That’s not science: the FSF’s analysis of GPL usage

The Free Software Foundation has responded to our analysis of figures that indicate that the proportion of open source projects using the GPL is in decline.

Specifically, FSF executive director John Sullivan gave a presentation at FOSDEM which asked “Is copyleft being framed”. You can find his slides here, a write-up about the presentation here, and Slashdot discussion here.

Most of the opposition to the earlier posts on this subject addressed perceived problems with the underlying data, specifically that it comes from Black Duck, which does not publish details of its methodology. John’s response is no exception. “That’s not science,” he asserts, with regards to the lack of clarity.

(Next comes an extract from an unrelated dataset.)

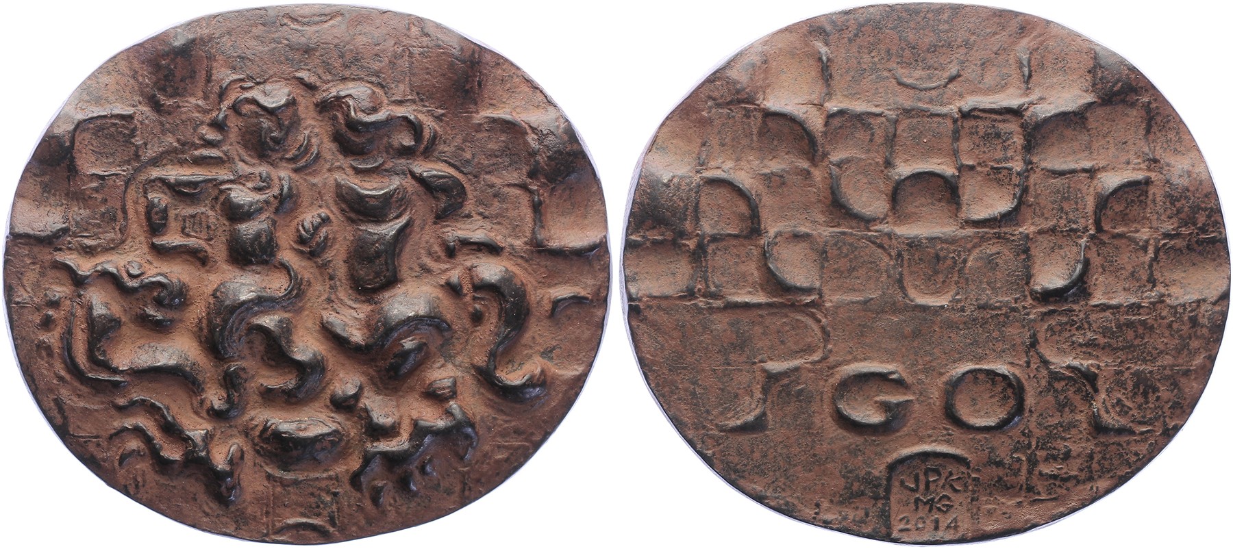 2014 GO. Twee geliefden op een wolk, maar bij nader inzien zitten op draak. De vleugels van de draak symboliseren het vrijkomen van pure energie: GO. Brons gepatineerd 85. Maria van Gerwen. Prachtig.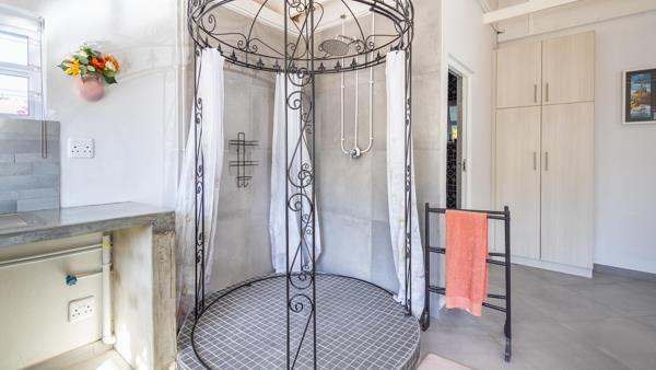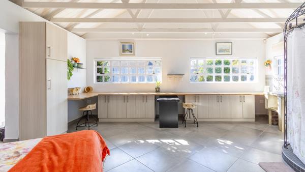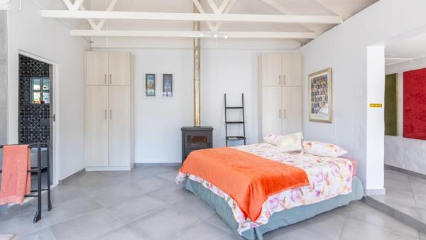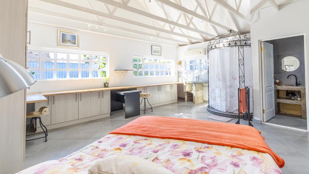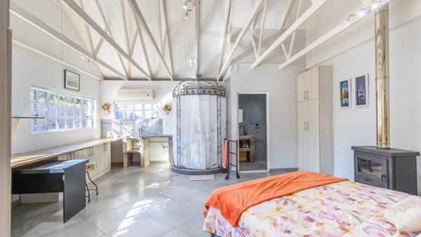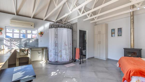 Kitchen area large bedroom with build-in-cupboards, fire place and one of a kind shower.

This is a valid criticism, which is why – prompted by Bradley M Kuhn – I previously went to a lot of effort to analyze data from Rubyforge, Freshmeat, ObjectWeb and the Free Software Foundation collected and published by FLOSSmole, only to find that it confirmed the trend suggested by Black Duck’s figures. I was personally therefore happy to use Black Duck’s figures for our update.

John Sullivan is not overly impressed with the FLOSSmole numbers either, noting that while they are verifiable, they do leave a number of questions related to the breadth and depth of the sample, the relative activity of the projects, whether all lines of code and applications should be treated equally, and how packages with multiple licenses are treated.

These are all also valid questions. As we previously noted, a study that *might* satisfy all questions related to license usage would have to take into account how many lines of code a project has; how often it is downloaded; its popularity in terms of number of users or developers; how often the project is being updated; how many of the developers are employed by a single vendor; and what proportion of the codebase is contributed by developers other than the core committers.

John offers some evidence of his own that suggests that the use of the GPL is in fact growing. Anyone hoping for the all-encompassing study mentioned above is in for some disappointment, however. It is based on a script-based analysis of the Debian GNU’Linux distribution codebase.

Nothing wrong with the script-based analysis – but a single GNU/Linux distribution considered to be a representative sample of all free and open source software?

That’s not science.

Tags: , ,


#1 That’s not science: the FSF’s analysis of GPL usage « Another Word For It on 03.06.12 at 8:09 pm

[…] That’s not science: the FSF’s analysis of GPL usage by Matthew Aslett. […]

#2 John Sullivan on 05.29.14 at 5:54 pm

The advantages and disadvantages of focusing on a single GNU/Linux distro were given in the presentation — the claim of being representative was specifically not made.

Advantages include the fact that every package counted has been checked by human beings on a regular basis. Every package includes a license file. Every package is included because someone actually uses it.Packages which are egregiously unmaintained get removed and so not counted.

These things are advantages over broader studies which ignore the quality of the code, have a much bigger problem with trying to find the license at all, and have much higher risks of double-counting.

The script itself had problems (unstated assumptions), so it is indeed back to the drawing board on that, but the point of the presentation was to highlight how significantlly all of the assumptions made in the “studies” *radically* influence the results, and to highlight how bad the raw data on public code hosting sites actually is.